* RECORDS PROVIDED
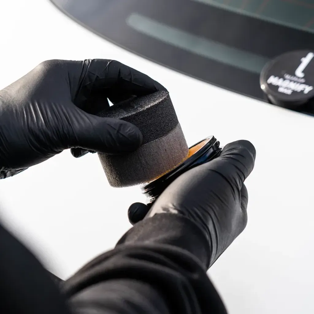 Magnify - Vax 100 ml är en härlig kombination av old school som möter framtidens glossy gloss! Riktig Carnubavax (naturlig), högpresterande polymerer och det som gör denna produkt helt unik i dagsläget, Plated Silica Powder! Utan att bli för mycket ”buzzwords” så har i alla fall Magnify - Wax riktigt balla filler -egenskaper (fyller lättare repor), oerhört lätt att lägga och riktigt trevlig hållbarhet. Självklart blir det massvis av glossy gloss och en grymt hydrofobisk yta (vattenavstötande)!
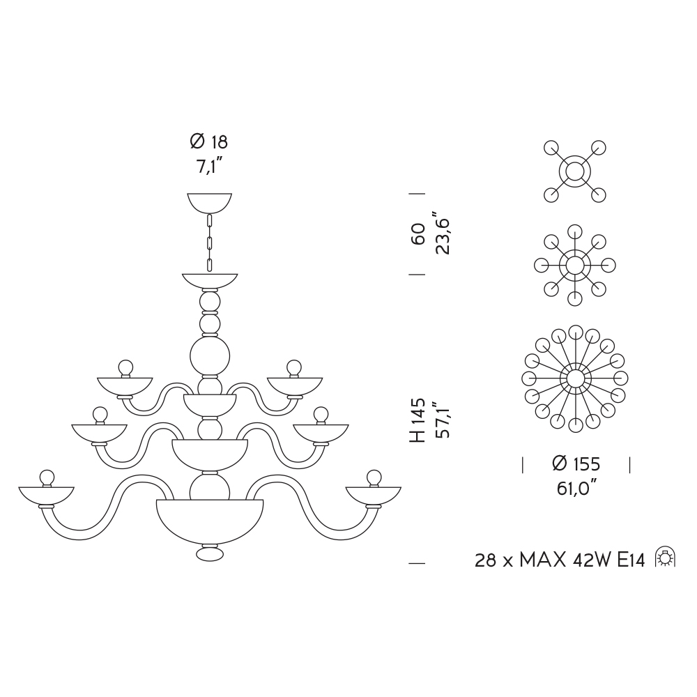 Glödlampor (ingår ej) : 28 x MAX 42W E14
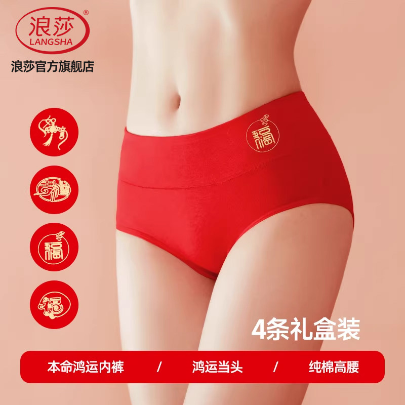 浪莎内裤女士本命年属马年2026红色结婚纯棉大码大红袜子短裤春夏
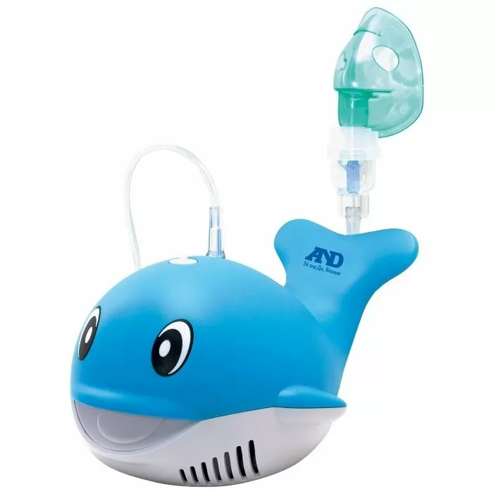 - Забавный дизайн компрессора в форме кита понравится малышам и позволит превратить процедуру ингаляции в увлекательную игру
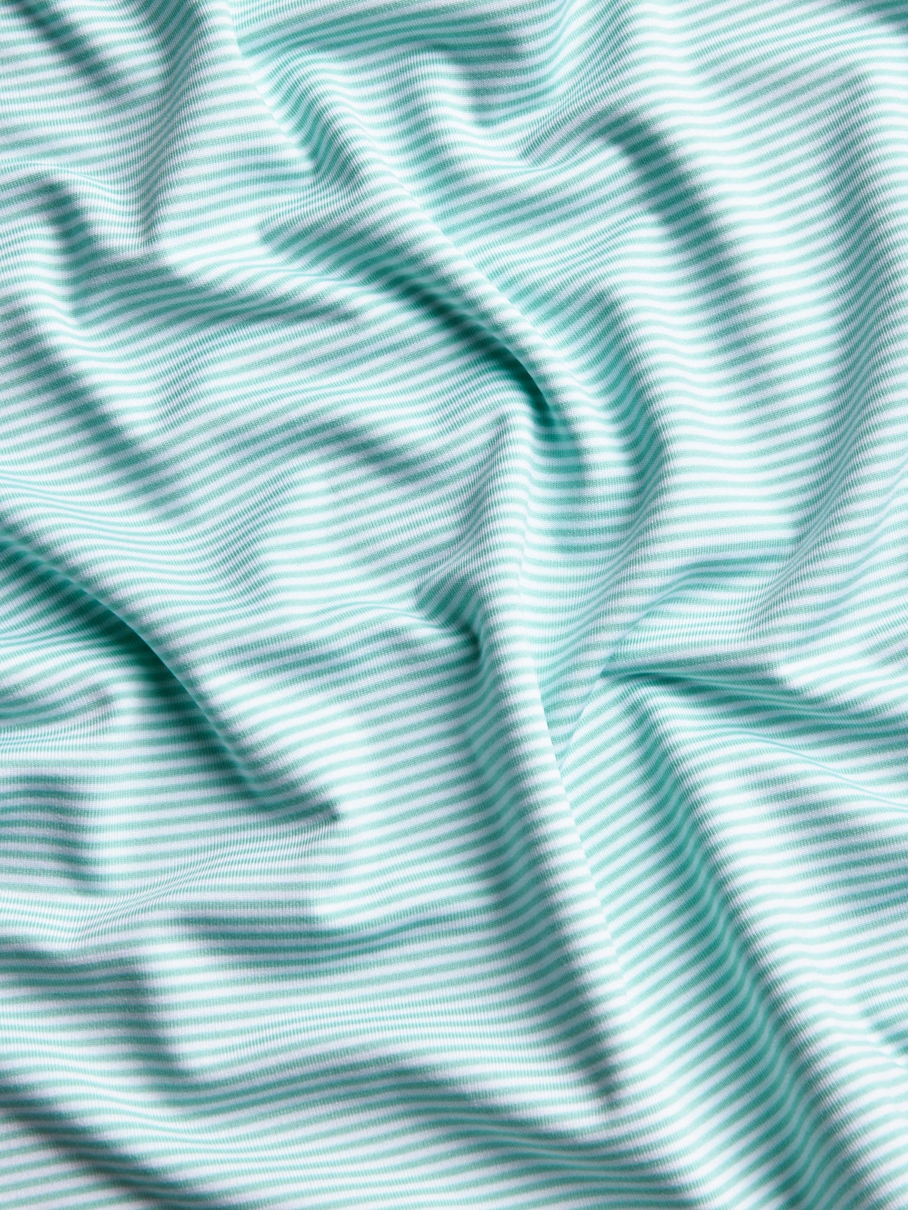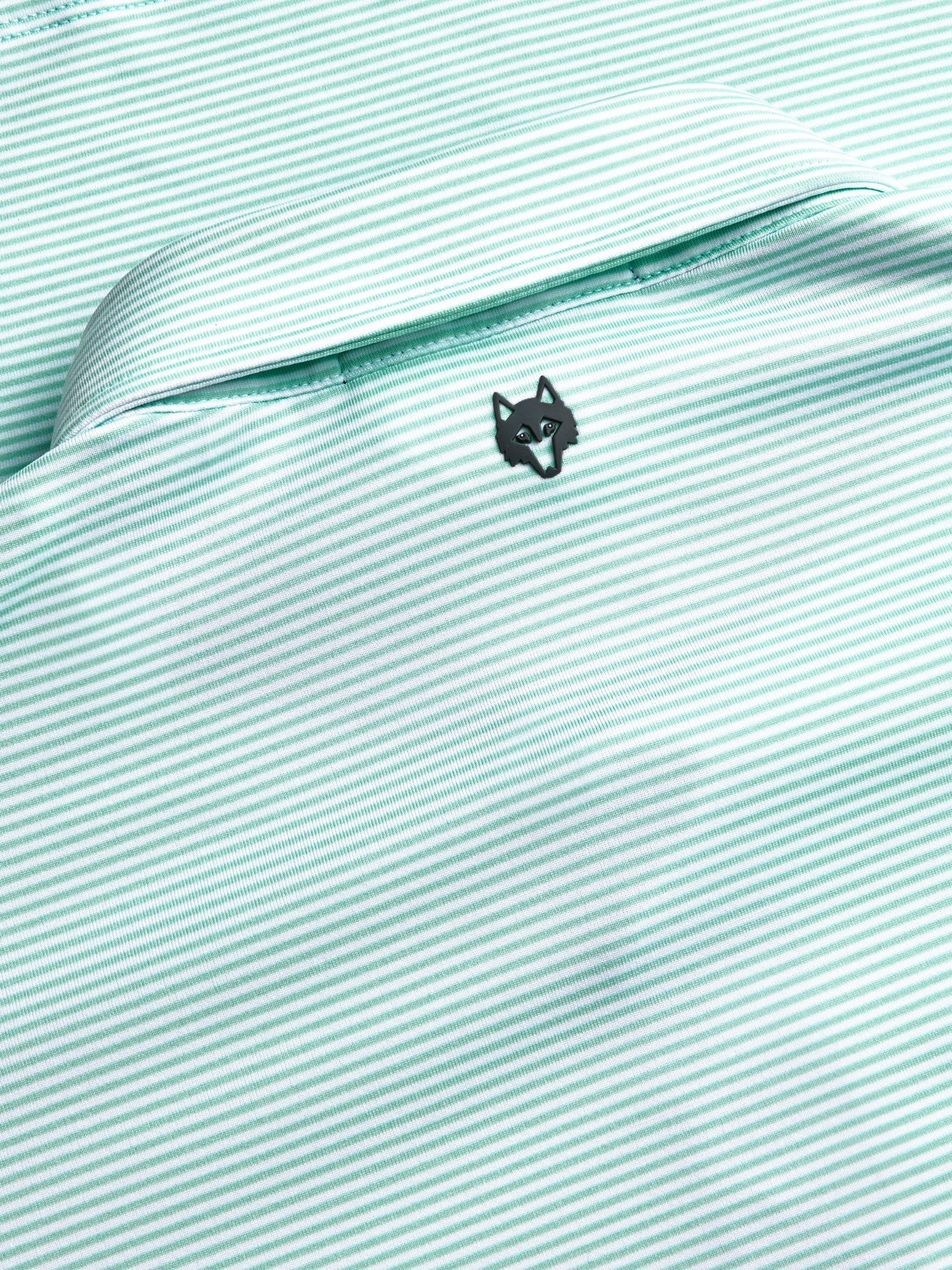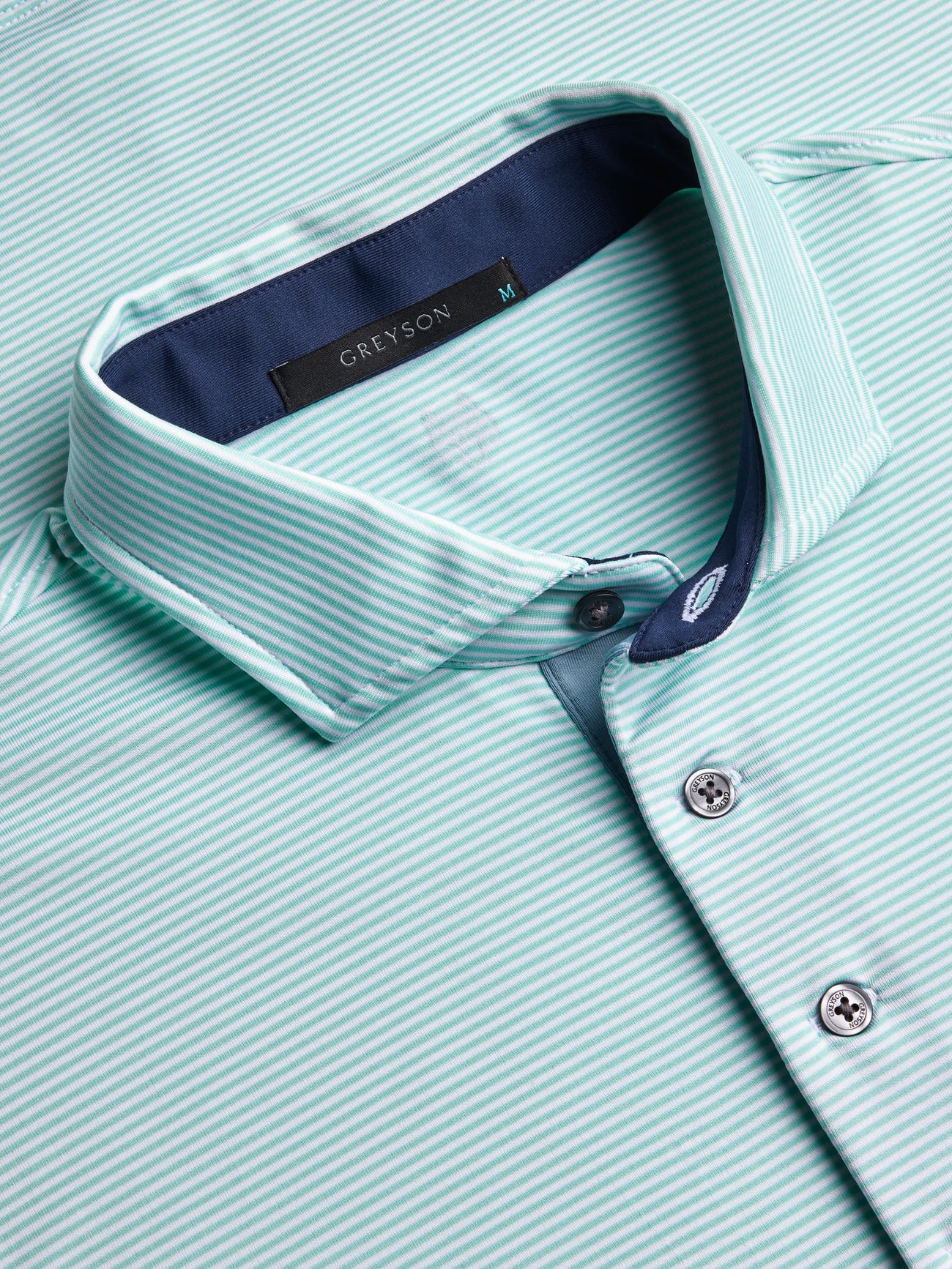 A classic stripe that transitions effortlessly from the golf course to every part of your lifestyle. Constructed with a blend of polyester and spandex fabric, the Saranac is finished with a sateen wash creating a silky hand. This mini feed striped polo features a four button placket with a pop of color on the neck and placket.
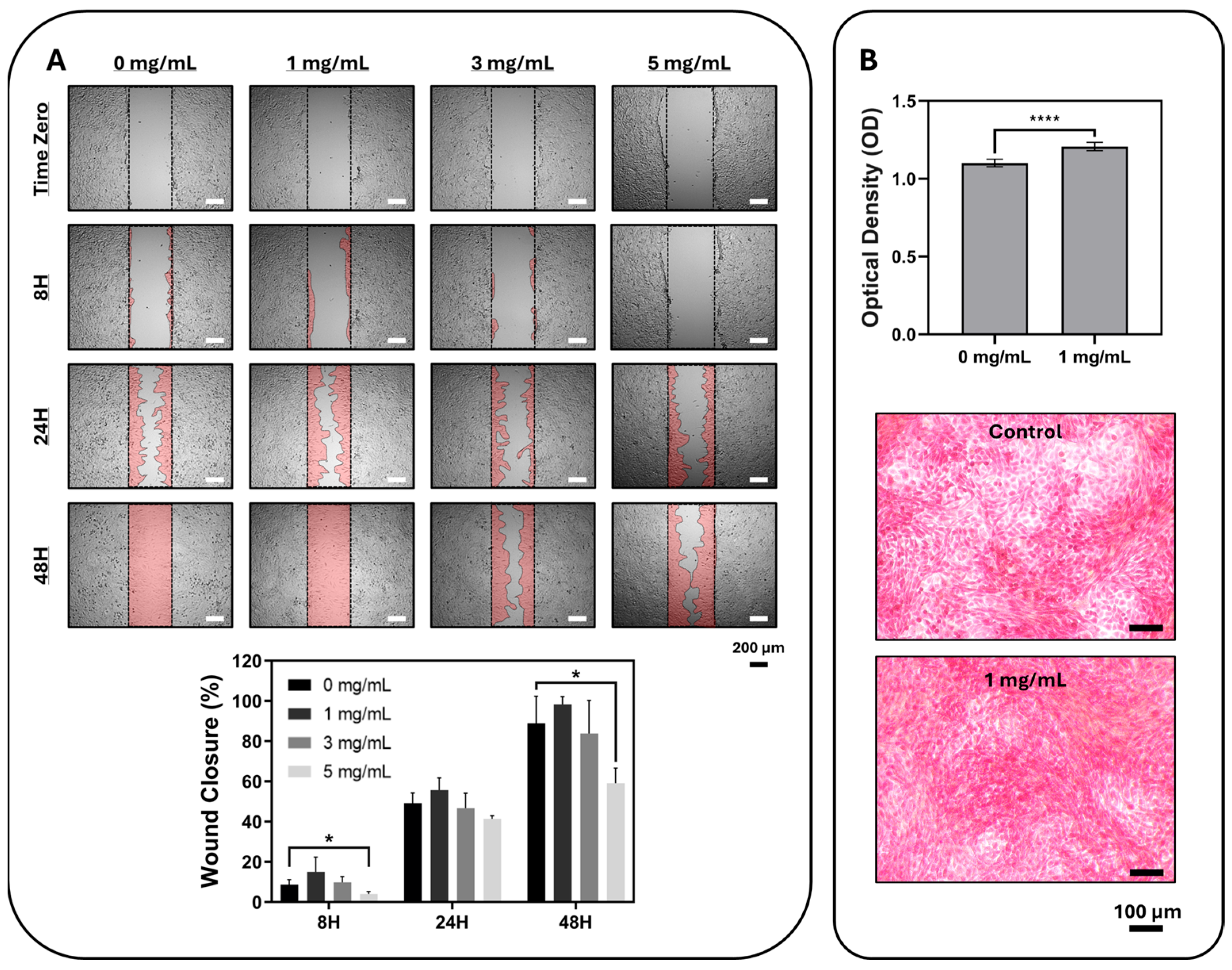 Figure 6A). At 8 h, wound closure was 8.62 ± 2.49%, 15.02 ± 7.37%, 9.86 ± 2.79%, and 4.01 ± 1.22% for the 0, 1, 3, and 5 mg/mL groups, respectively, with the 5 mg/mL group showing significantly lower closure than the control (

* ACTIVITY
Everything in the listing should be repeated exactly except the pictures.

* RESPONSE AREA
 Magnify - Vax 100 ml är en härlig kombination av old school som möter framtidens glossy gloss! Riktig Carnubavax (naturlig), högpresterande polymerer och det som gör denna produkt helt unik i dagsläget, Plated Silica Powder! Utan att bli för mycket ”buzzwords” så har i alla fall Magnify - Wax riktigt balla filler -egenskaper (fyller lättare repor), oerhört lätt att lägga och riktigt trevlig hållbarhet. Självklart blir det massvis av glossy gloss och en grymt hydrofobisk yta (vattenavstötande)!
 Glödlampor (ingår ej) : 28 x MAX 42W E14
 浪莎内裤女士本命年属马年2026红色结婚纯棉大码大红袜子短裤春夏
 - Забавный дизайн компрессора в форме кита понравится малышам и позволит превратить процедуру ингаляции в увлекательную игру
 A classic stripe that transitions effortlessly from the golf course to every part of your lifestyle. Constructed with a blend of polyester and spandex fabric, the Saranac is finished with a sateen wash creating a silky hand. This mini feed striped polo features a four button placket with a pop of color on the neck and placket.
 Figure 6A). At 8 h, wound closure was 8.62 ± 2.49%, 15.02 ± 7.37%, 9.86 ± 2.79%, and 4.01 ± 1.22% for the 0, 1, 3, and 5 mg/mL groups, respectively, with the 5 mg/mL group showing significantly lower closure than the control (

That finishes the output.